Бабушка Марта всё время хрипела, одно и то же: «скорее бы конец, я так больше не могу». Возможно, она согласилась бы на то, чтобы врачи ввели ей инъекцию, как и всем тем, кто устал жить, но она верила в небо. Бабушка называла его богом, много о нём рассказывала, хотя не видела его ни разу, а только слышала о нём от своей мамы. Эти же рассказы слышала и я. Может быть, оно или он, и правда существует.
Прожила она почти девяносто лет, а маму родила, когда ей было почти сорок, моим родителям сейчас уже почти по пятьдесят. Они считаются долгожителями среди своего поколения. Не представляю, чтобы сейчас у них был ещё ребёнок. До этого у бабушки Марты был сын, но он умер, когда ему было девятнадцать лет, и поэтому она решилась родить ещё раз, так появилась мама.
Мы всё узнали ту секунду, когда бабушка Марта перестала жить. Никак не могу произнести слово «умерла». Она просто затихла, и мы больше не услышали скрежет её дыхания. Она словно отключилась от питания.
На следующий день нам выдали денежную компенсацию, забрав её месячный резерв кислорода, талоны на воду, тепло и продукты. Мама, не переставая всхлипывать, отложила очередной раз чеки в подпольный сейф.

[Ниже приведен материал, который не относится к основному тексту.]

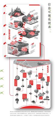 设计说明:该设计以“杭帮菜”为主题,旨在让更多人了解“杭帮菜”的特色与历史,宣传杭州的饮食文化。“杭帮菜”起源于距今一千多年的宋朝,我们将宋韵文化融入到视觉图形插画中,从多方面、多层次诠释“杭帮菜”的定义。以八种经典杭帮菜为主体,将杭州著名景点及建筑融入到花草树木、水泽山川中,再辅以“宋代女子”为蓝本设计的IP人物形象,以视觉鲜明的菜品、淡雅脱俗的景观、精巧动态的人物形象三者合一,创作出全方位宣扬“杭帮菜”与杭州饮食文化的作品。

Её маму, мою бабушку в тот же день отвезли на подъёмник, мы провожали её до самых ворот, затем шлюзы закрылись, и лифт увёз её на поверхность с такими же, как и она, неработающими телами, завёрнутыми в полиэфирные полотнища с гербом нашего мира и датой отправки на поверхность.
В этот день мы с бабушкой Лиз обе расположились спать на кухне, находится в нашей спальне, было невыносимо грустно. Когда уже убавили электричество до минимума, мы ещё сидели за сложенным миниатюрным столиком и пили чай. Бабушка Лиз взяла меня за руку и погладила по голове, добавив: «ты должна знать всю правду».
Мне казалось, я не готова к тому, что она тогда рассказала, это очень сильно изменила моё представление о происходящем, изменила мои мысли, просто разделила жизнь на «до» и «после».
Не знаю, что вам сейчас рассказывают на ваших уроках, она недовольно поджала губу. Но, я хочу рассказать тебе правду!
Я нервно сглотнула, приоткрыв рот.
Пусть. Это, и будет тебе казаться странным, но это моя правда. Я многое пережила, даже смерть единственной дочери, которая никогда так и не увидела настоящей красоты.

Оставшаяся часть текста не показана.